802 S.W.2d 749, 1990 Tex. App. LEXIS 3195, 1990 WL 263625
CourtCourt of Appeals of Texas
DecidedNovember 21, 1990
Docket04-90-00139-CV
StatusPublished
Cited by37 cases

This text of 802 S.W.2d 749 (De Los Santos v. Southwest Texas Methodist Hospital) is published on Counsel Stack Legal Research, covering Court of Appeals of Texas primary law. Counsel Stack provides free access to over 12 million legal documents including statutes, case law, regulations, and constitutions.

Bluebook
De Los Santos v. Southwest Texas Methodist Hospital, 802 S.W.2d 749, 1990 Tex. App. LEXIS 3195, 1990 WL 263625 (Tex. Ct. App. 1990).

Opinion

OPINION

BIERY, Justice.

Javier G. De Los Santos appeals from summary judgments in favor of Southwest Texas Methodist Hospital and Charles A. Hulse, M.D. The Hospital filed suit on a sworn account and by summary judgment recovered $5,116.35 plus interest. The court further found that appellant De Los Santos take nothing by his medical malpractice counterclaim against the Hospital. In addition, Dr. Hulse’s motion for summary judgment was granted due to the expiration of limitations thus disposing of appellant’s malpractice claim against the doctor.

On May 24, 1988, Southwest Texas Methodist Hospital (Hospital) filed suit on sworn account against appellant seeking payment for services rendered during appellant’s hospital stay from April 16,1986 until April 25, 1986. On July 1, 1988, appellant filed a counterclaim against the Hospital and a cross claim against Dr. Hulse for malpractice. 1 Dr. Hulse’s first motion for summary judgment was denied because appellant filed an affidavit which controverted the limitations expiration date. Following discovery, Dr. Hulse filed a motion to strike the affidavit. The affidavit filed by appellant was struck by the court but Hulse’s motion to set aside the denial of the first motion for summary judgment was denied. Dr. Hulse later filed a second motion for summary judgment again based on limitations which was granted.

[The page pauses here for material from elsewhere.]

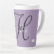 Lavendel lila Kaffee-Tasse mit Ihrem Namen in weiß und initial in schwarz. Farben können durch die Wahl der personalisierbaren und anpassbaren Optionen geändert werden. Design HAMbyWhiteGlove alias HAMbWG.

The trial court also granted the Hospital’s motion for summary judgment.

Appellant asserts that the summary judgments were erroneously granted. In five points of error appellant claims error in the granting of the summary judgments and in two points he asserts error in the denial of his motion for new trial.

The supreme court has mandated the standard for reviewing a motion for summary judgment as follows:

1. The movant for summary judgment has the burden of showing that there is no genuine issue of material fact and that it is entitled to judgment as a matter of law.
2. In deciding whether there is a disputed material fact issue precluding summary judgment, evidence favorable to the non-movant will be taken as true.
3. Every reasonable inference must be indulged in favor of the non-movant and any doubts resolved in its favor.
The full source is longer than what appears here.